Dependency Management

All new dependencies are optional and lazy-imported. Add to pyproject.toml:

[project.optional-dependencies]
rag = [
    # existing deps ...
    "beautifulsoup4>=4.12.0",
    "faiss-cpu>=1.7.0",
    "qdrant-client>=1.7.0",
    "psycopg2-binary>=2.9.0",
    "weaviate-client>=4.0.0",
]

Individual stores/loaders remain installable a la carte: pip install selectools faiss-cpu works without the full [rag] group.

Feature Status Impact Effort
CSV/JSON/JSONL Loaders 🟡 High High Small
HTML/URL Loaders 🟡 High High Small
FAISS Vector Store 🟡 High High Medium
Qdrant Vector Store 🟡 Medium Medium Medium
pgvector Store 🟡 Medium High Medium
Code Execution Tools 🟡 High High Medium
Search Tools 🟡 High High Small
SaaS Loaders 🟡 Medium Medium Medium
GitHub/DB Toolbox 🟡 Medium Medium Medium

v0.19.0: Ecosystem Parity

Focus: Observability, evaluation, REST API deployment, and templates — closing the gap with LangSmith, LangServe, and LangChain Hub.

Selectools Observe (Observability & Evaluation)

Existing head start: AgentObserver (15 events), AgentTrace (OTel export), AuditLogger (JSONL), AgentAnalytics.

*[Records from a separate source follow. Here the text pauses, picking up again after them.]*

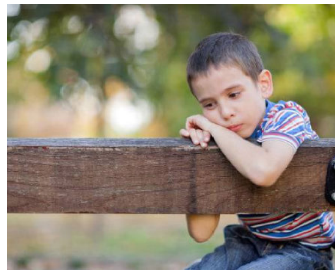
Vi har valgt dette billede fordi det viser en nervøs dreng og man kan også se at drengen går meget ind i sig selv

Da jeg var cirka 14-15 år, fik jeg sådan en dårlig vane. Jeg begyndte, helt uden at tænke over det, at gemme min hånd f.eks. bag et net eller i ærmet, så det påvirkede mig jo en del på den måde, at jeg faktisk var flov og jeg var jo aldrig kommet ind i parre sporten hvis ikke det var for min hånd så det har jo på den måde været en kæmpe mulighed for mig jeg har altid været en meget stædig pige så jeg har altid villet kunne det samme selv om jeg mangler en hånd det skulle i hvert fald ikke forhindre mig i at gøre det jeg gerne vil. Her er der lidt fakta om PL. De paralympiske lege organiseres af den Internationale Paralympiske Komite (IPC). De paralympiske lege afholdes i samme by som OL kort tid efter de olympiske lege. Danmark har deltaget siden 1968 og har siden haft stor succes især siden de paralympiske lege i 1984 i New York. legene er blevet målt som det tredje største sports event efter OL og VM i fodbold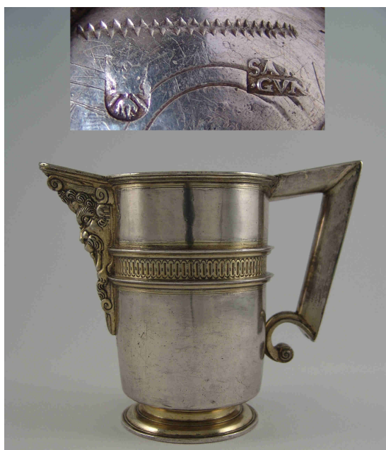
Fig. 1.- Jarro. Madrid. Hacia 1600. Instituto Valencia de Don Juan de Madrid.

Entre 1596 y 1617 está realizado el jarro de pico (fig. 1) del modelo vallisoletano, es decir, de cuerpo acampanado invertido con friso en la zona alta; asa de siete; pico adosado decorado con mascarón de rostro masculino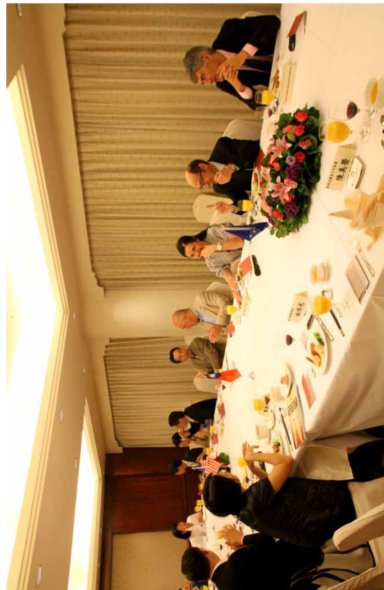
歐、美、日國外貴賓，參加2014「台灣地方民代公益論壇」年度論壇歡迎晚宴。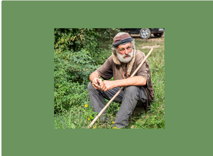
Passage de «la Transhumance» à Perchède et Toujouse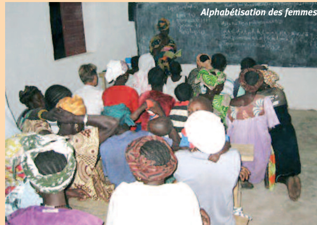
Alphabétisation des femmes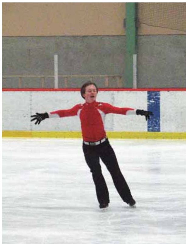
Träningspass i Coop Arena.

Han fick sin internationella seniordebut med en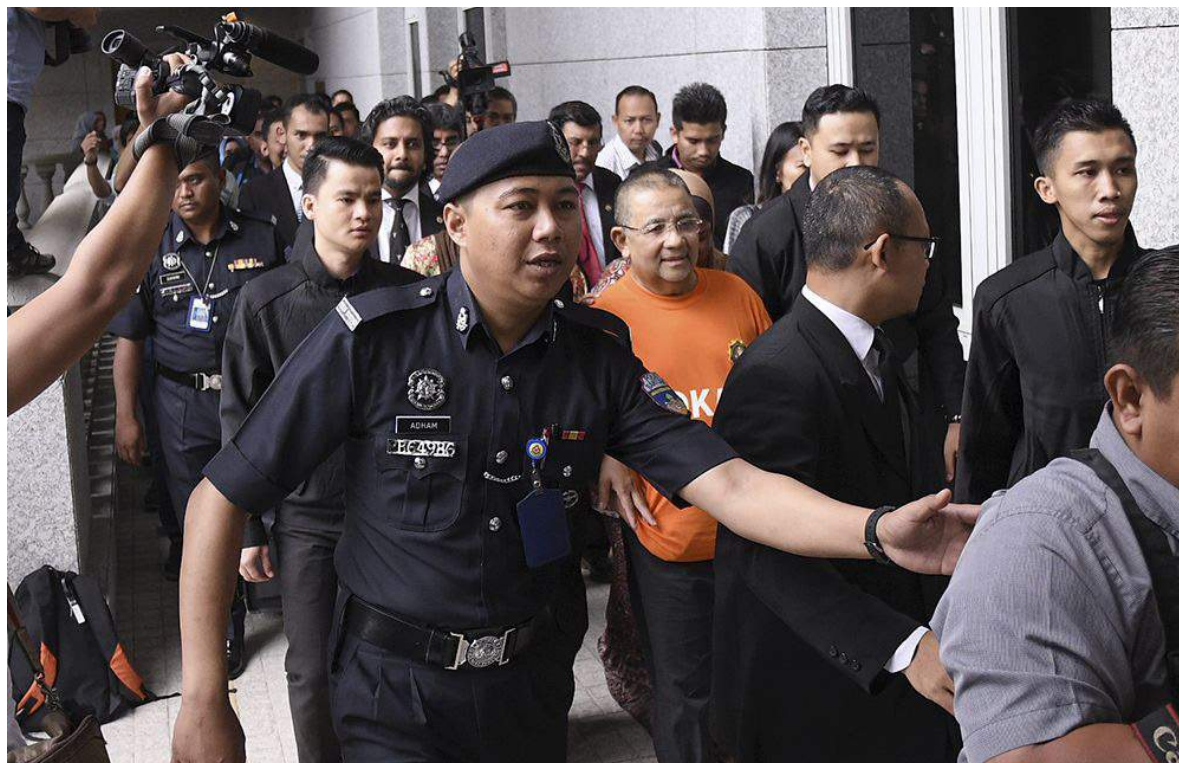
Tan Sri Isa Samad ketika dibawa ke mahkamah.

PKR pula bimbang kalau-kalau Isa adalah ulangan kepada tindakan terhadap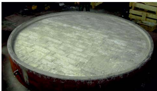
Рис. 4. Футеровка крышки электропечи ОКБ-827. ЗАО «Завод Киров-Энергомаш», Санкт-Петербург

Ранее крышки ОКБ-844 футеровались традиционными шамотными материалами марки ША. Масса футеровки составляла более 6 т. Масса футеровки крышки печи ОКБ-827, выполненной из керамоволокнистого «мокрого» войлока марки ВР-300 с последующей сушкой в течение 7 дней, составляет 910 кг.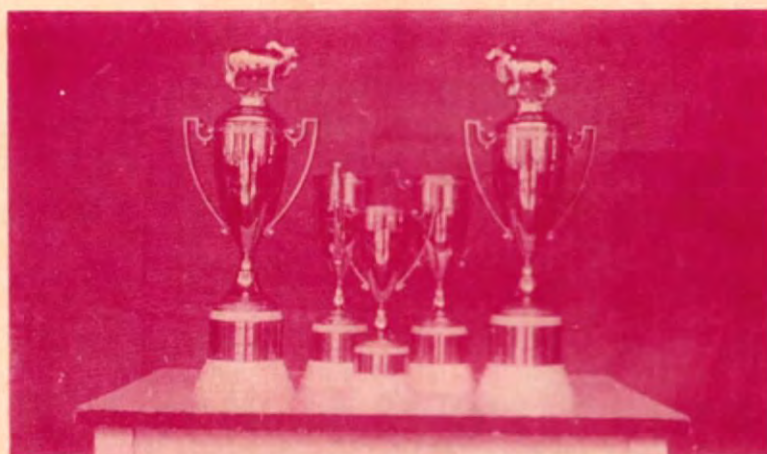
Fotografía de los trofeos obtenidos en recientes exposiciones

Pero siempre en acción renovadora y a la cabeza de un programa de selección en todas actividades del AGRO, la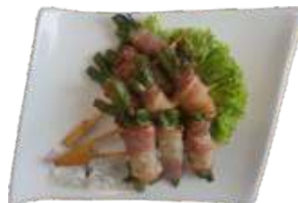
17. Asparges i bacon 50 kr.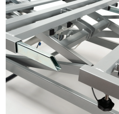
Facile smontaggio del telaio senza utensili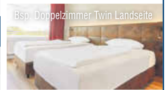
Bsp. Doppelzimmer Twin Landseite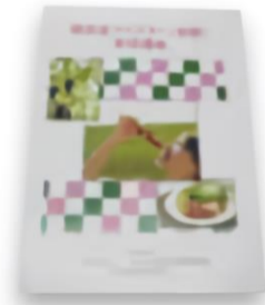
美肌食マイスター初級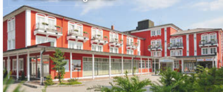
3+ Hotel Füssinger Hof

Verpflegung: Alle Mahlzeiten nehmen Sie in der gemütlich-gediegenen Atmosphäre des Hotelrestaurants ein. Frühstück und Abendessen werden Ihnen hier jeweils als Buffet angeboten. Zum Abendessen sind für Sie zudem die Tischgetränke (Wasser, Kaffee, Tee, Softdrinks, Bier und Hauswein) bereits inklusive.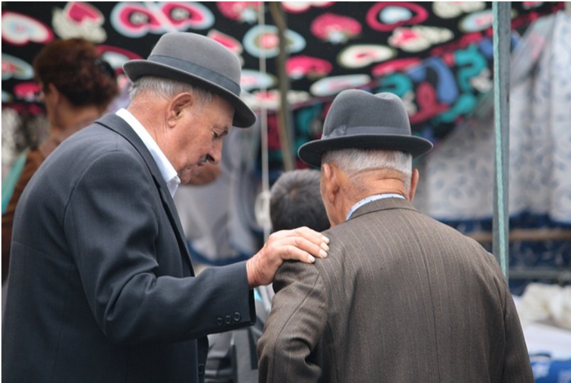
Immagine ex Pixabay

Scendendo al livello operativo dei nuovi Programmi di spesa che verranno attuati, su scala nazionale e su scala regionale, con le risorse del FSE Plus va ricordato che: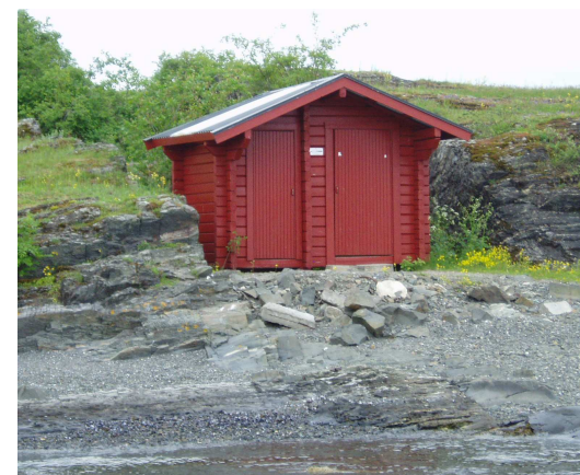
Døme på toalettbygg

Stor trafikk ved Billingen fører med seg en god del søppel og ekskrement frå folk. Dette gir eit lite hyggeleg bilde av området. Skjåk kommune har motteke fleire klager når det gjeld søppel og sanitærforhold i området. Problemet har oppstått etter opprettinga av Billingen som infopunkt. I sommar vart det sett opp ein søppelcontainer som ein midlertidig løysing. Vi ynskjer å etablere ein meir permanent løysing med etablering, ettersyn og vedlikehald av toalett og søppelcontainer.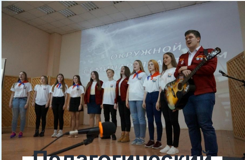
Педагогический отряд «Пересвет»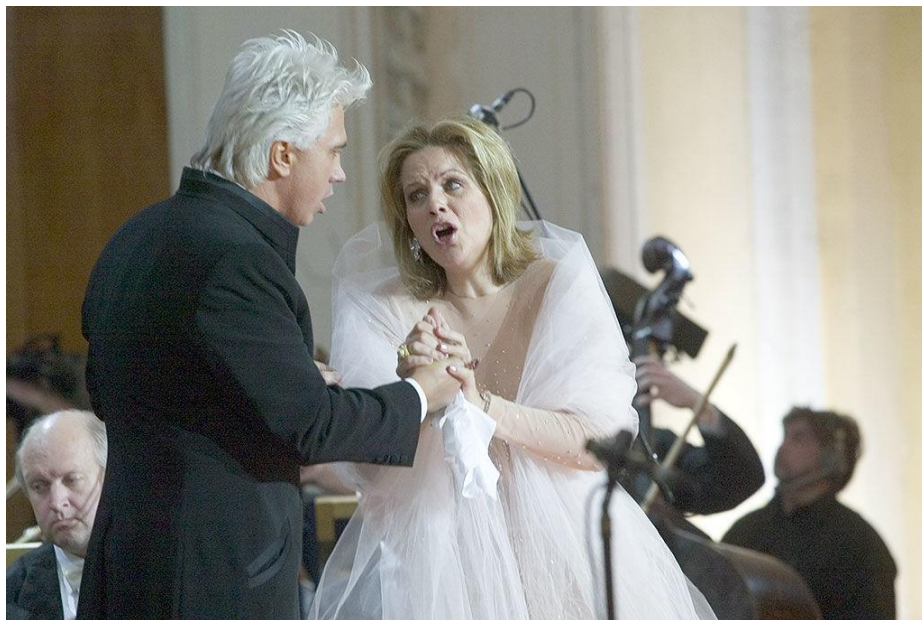
2006 г. первый концерт из серии «Хворостовский и друзья» - со звездой американской оперы Рене Флеминг.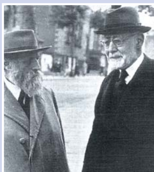
Leo Baeck i Martin Buber (Londyn 1947)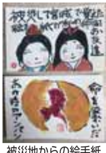
被災地からの絵手紙

東日本大震災で被災した東 北への思いがこもった絵手紙 や写真を展示します。 ※いずれも直接会場へおいで 下さい。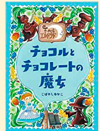
せいきゆうきごう 請求記号 91コ

カフェ・エルドラドはおかみさんと娘のチョコレート、お菓子職人のプルさんの3人でしている小さなお店。ある日、店に魔女の形をした甘いかおりのチョコレートがとどきました。ケーキに使おうと、おなべでとかすのですが…。バレンタインデーにあわせて、ちょっとふしぎなチョコレートのお話はいかがですか？

New src/selectools/observe/ package:

src/selectools/observe/
    __init__.py          # Public exports
    trace_store.py       # TraceStore protocol + InMemory, SQLite, JSONL backends
    evaluators.py        # Evaluator protocol + built-in evaluators
    eval_runner.py       # EvalRunner for dataset evaluation
    export.py            # Export formatters (HTML, CSV, Datadog, Langfuse, OTel)
    datasets.py          # EvalCase, EvalDataset for test datasets

Trace Store

class TraceStore(Protocol):
    def save(self, trace: AgentTrace) -> str: ...
    def load(self, run_id: str) -> AgentTrace: ...
    def query(self, filters: TraceFilter) -> List[AgentTrace]: ...
    def list(self, limit: int, offset: int) -> List[AgentTraceSummary]: ...

Built-in: InMemoryTraceStore, SQLiteTraceStore, JSONLTraceStore.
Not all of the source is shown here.